OSHA stands for Occupational Safety and Health Administration. It’s a government agency under the United States Department of Labor tasked with worker safety and health protection.
If you’re working anywhere in the US, you’ve probably heard of OSHA. Even if you haven’t, they most likely still have jurisdiction over your workplace’s safety standards. As such, your company has to follow OSHA’s rules or risk penalty and even foreclosure.
Brief History of OSHA
Before 1970, there were no national laws that promote worker safety and health. Work-related accidents back then were considered unfortunate incidents. And workers’ health and safety weren’t much of a priority. But certain events would change this and would eventually lead to the creation of OSHA.
In 1911, New York’s Triangle Shirtwaist Company burned to the ground. The incident killed almost 146 employees, most of whom were young female immigrants working long hours for low wages. It turns out the factory doors were locked and there was no fire escape. Naturally, this caused public outrage and a demand for workplace safety and health reform.
Then World War 1 came and concerns about workplace safety and health conditions worsened. So the government created a Working Conditions Service to help inspect plants and reduce hazards.
But until the 1930s workplace safety policies remained confined to state laws and regulations. And these regulations can vary widely.

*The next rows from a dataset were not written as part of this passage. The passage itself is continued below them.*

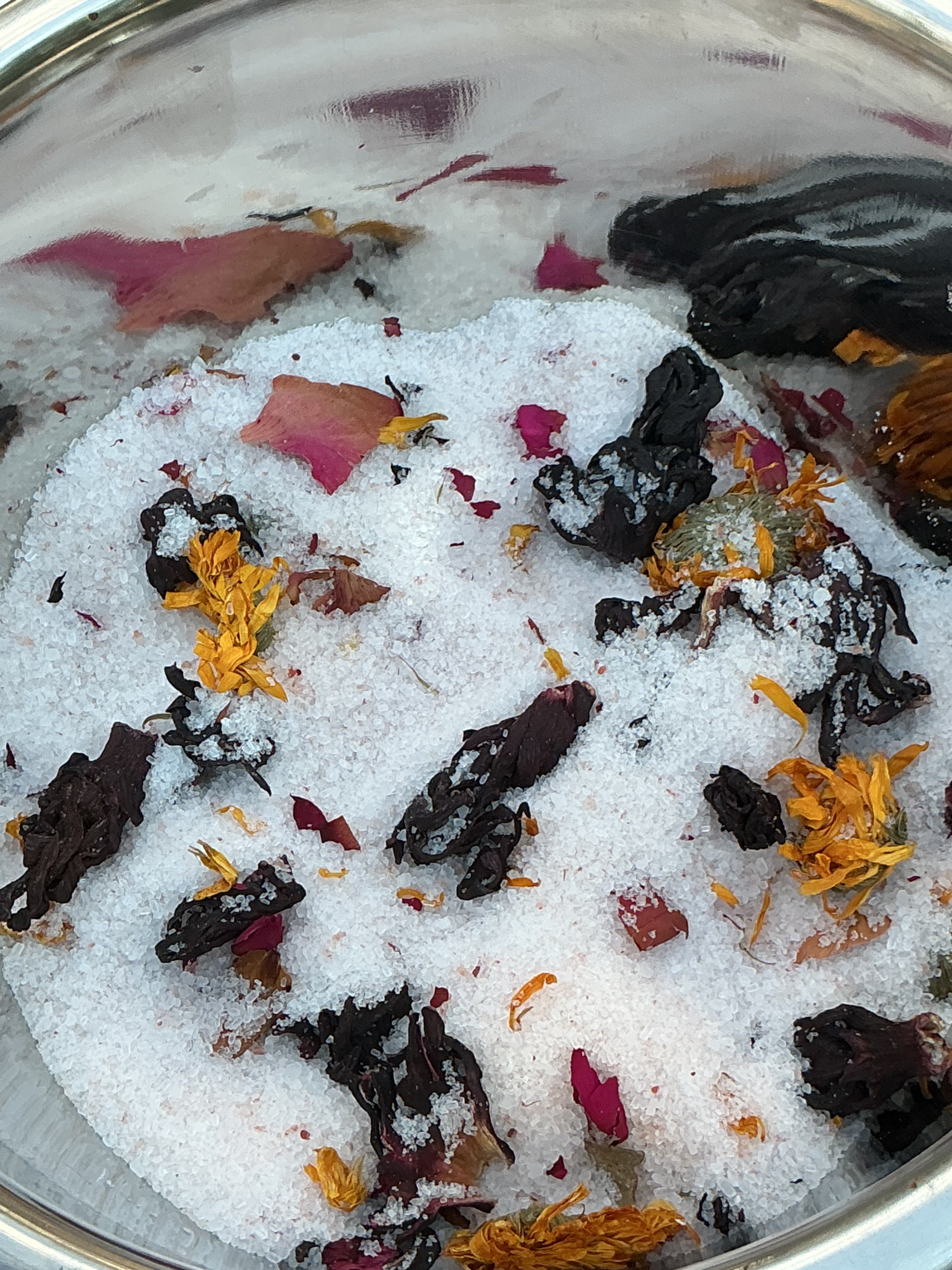 Pour generous handful into warm running water. Allow the salts and botanicals to infuse the bath.
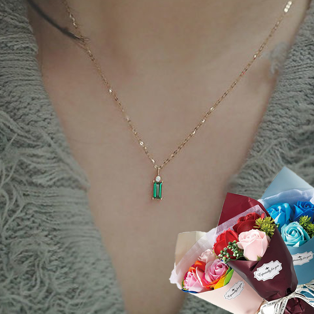 シンプルながらグリーンクリスタルの石が存在感を放つネックレスです。ワンポイントでパッと華やかな印象を与えます。ジュエリーだけではなくお花のプレゼントとしても喜んでいただけるようにソープブーケとセットにしました!6色からお選びいただけます。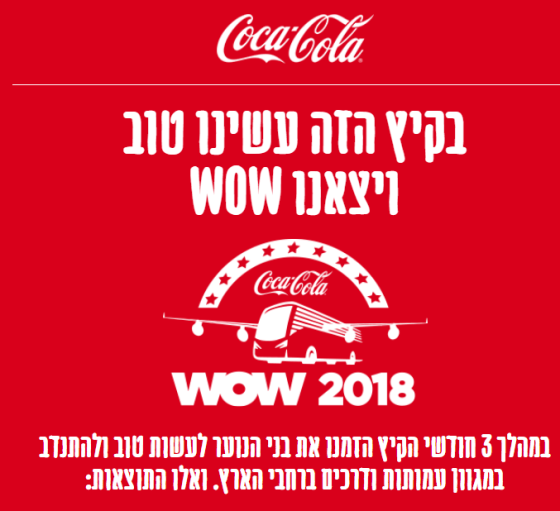 לא רחוק היום שבו חניכי תנועת הנוער "בני קוקה קולה" יצאו למסעות התנדבות ברחבי הארץ כשהם לבושים בחולצות האחידות האדומות…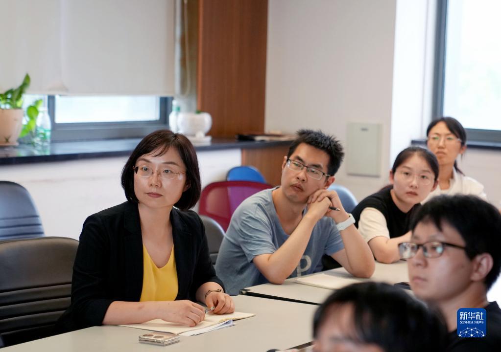 陳玲玲(左一)在中國(guó)科學(xué)院分子細(xì)胞科學(xué)卓越創(chuàng)新中心和學(xué)生們開(kāi)會(huì)(2022年9月13日攝)。新華社記者 劉穎 攝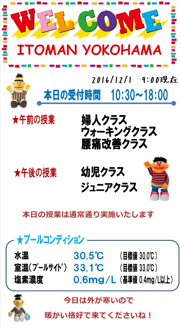 本日の営業状況【2016.12.1AM】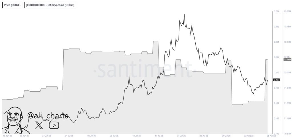 Dados on-chain revelam que grandes investidores compraram 1,08 bilhão de DOGE — equivalente a mais de US$ 200 milhões — nos últimos dois dias.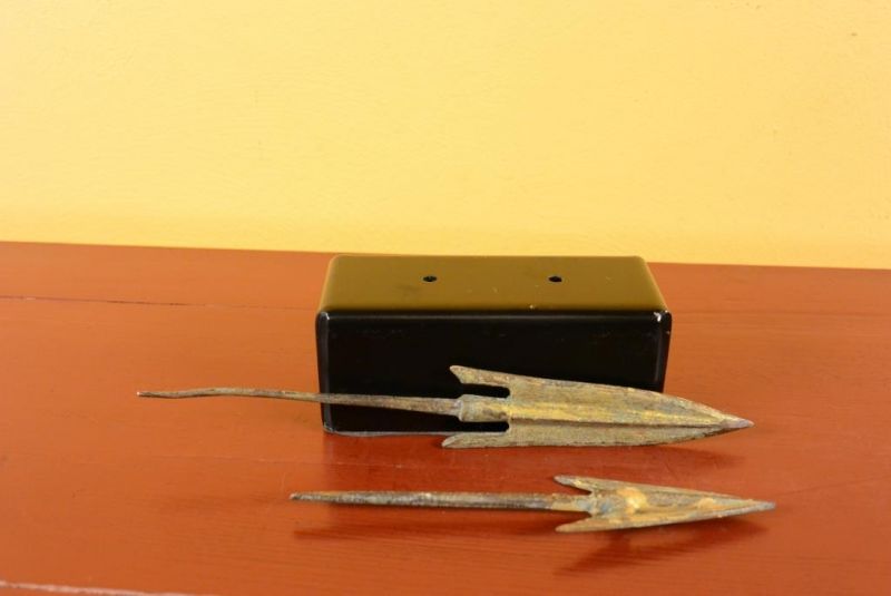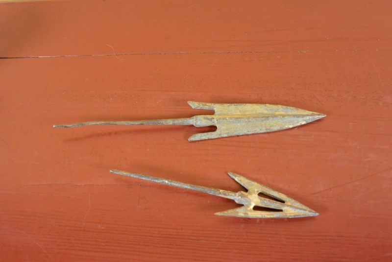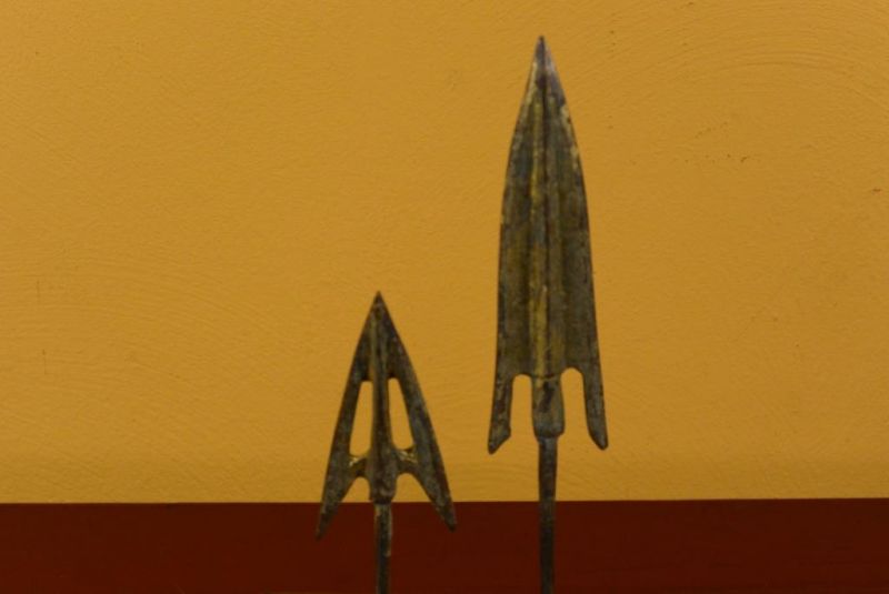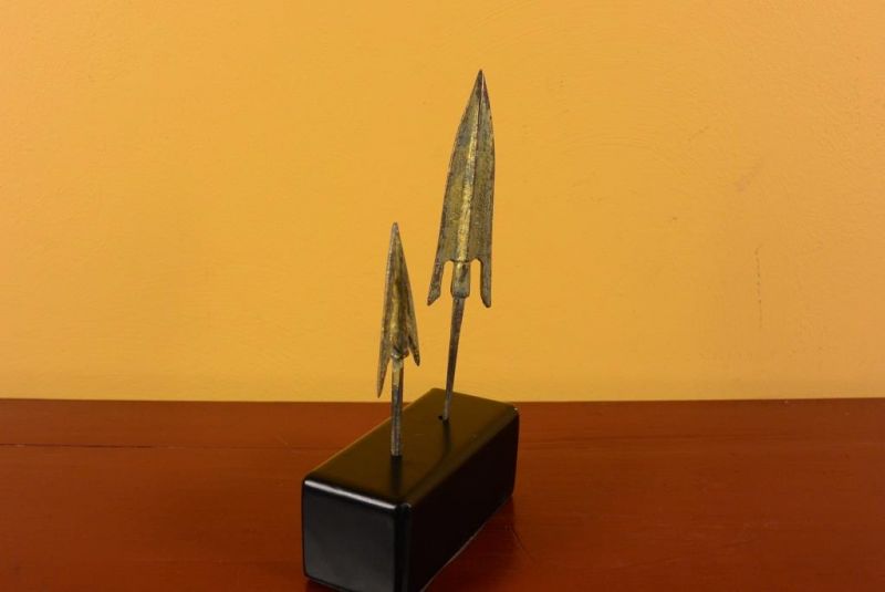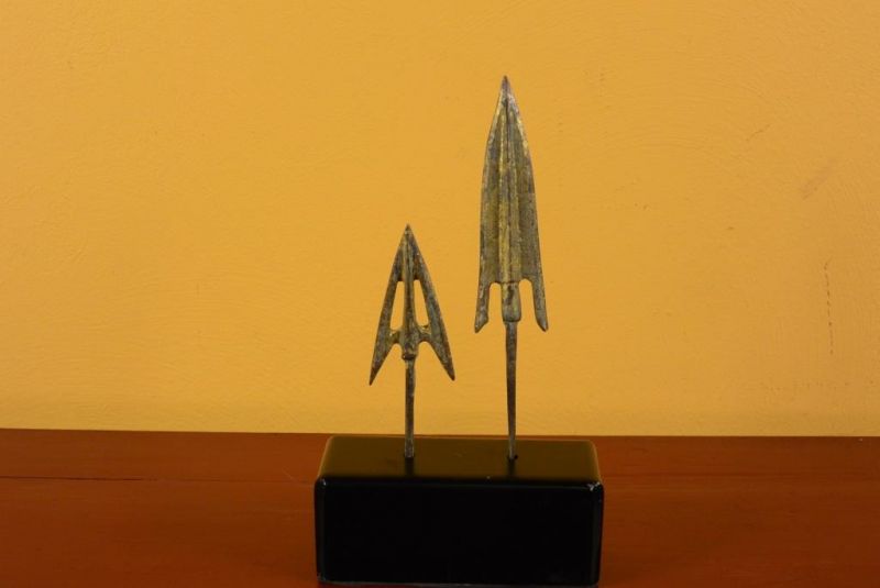 - Lot de deux pointes de flèche sur un socle en métal noir;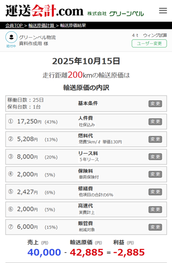 走行距離200kmで1日あたり40,000円の運賃業務を想定した場合、その原価を可視化すると運賃の約7%が赤字という結果になりました。
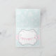 Silver glitter-effect trim and snowflakes with blue and white snowflake background and pink polka-dot band and pink, blue bunting banner thank you note card.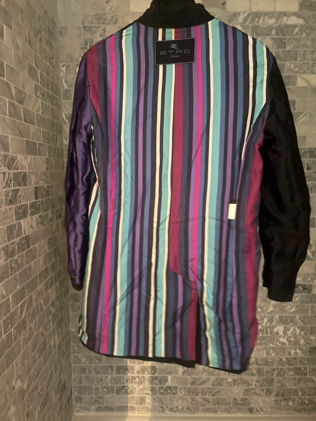 On offer: a Mac jacket from Etro in deep, inky black cotton. Could be treated for additional water repellency. Lining in bemberg, in an array of colour. Beautifully made, and comfortable. Purchased at Holt Renfrew Vancouver for 1200. Thank you for your interest; I look forward to hearing from you.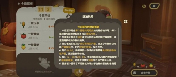 正是因为这些类似彩蛋般的反馈,让我感受到《星布谷地》是在鼓励玩家去创造生产以及探索。就像钓鱼、种菜、采摘这些容易显得重复机械的行动,游戏会给予玩家层层反馈和奖励,甚至玩家们出售作物时还会有“今日菜市”这类极其生活化的特殊玩法,其中作物价格受多个星球交易情况影响,极大提升了收获环节的乐趣。

In the 1960s, more than 2 million workers were injured in work-related accidents each year. Of these, more than 14,000 died. This prompted the federal government to enact the Occupational Safety and Health Act of 1970. From there, OSHA was born.
What is OSHA’s Purpose?
Every year, thousands of US workers get injured or die from work-related accidents. Most of these accidents could have been prevented if proper workplace safety protocols were observed.
This is what OSHA is for. Its primary purpose is to make workplaces safer thus preventing unnecessary loss of life (or limbs). Since it was created, it has remained true to its mission which is:
“to ensure safe and healthful working conditions for workers by setting and enforcing standards and by providing training, outreach, education, and assistance.”
OSHA acts on this mandate by:
- formulating and issuing safety standards and protocols
- conducting inspections to ensure compliance with standards
- handling employee complaints regarding workplace safety
- providing assistance to employers through their on-site consultation, compliance assistance, and cooperative programs
- conducting safety training and distributing educational materials and online newsletters.
Who Does OSHA Cover?
As mentioned, OSHA is tasked with ensuring worker safety. But not all workplaces in the US are under its jurisdiction. For now, OSHA only covers:
1. Private Sector Workers
This includes almost all private sector workers in all 50 states, the District of Columbia, and other US jurisdictions. They are under either the Federal OSHA or an OSHA-approved state program.
2. Federal Government Workers
All federal government agencies also have to comply with OSHA standards. And even though it cannot penalize these agencies, they do monitor them and respond to worker complaints.
3. Certain State and Local Government Workers
State and local government employees are not covered by federal OSHA. But they do have protection in states that have their own programs.
OSHA does not cover self-employed workers and workplace hazards regulated by other government agencies.
The OSHA Standards
OSHA Standards are a set of policies and regulations that guides employers on how to create and maintain a safe workplace free from hazards. It covers various industries and applies to most worksites no matter the nature of the business’ operations.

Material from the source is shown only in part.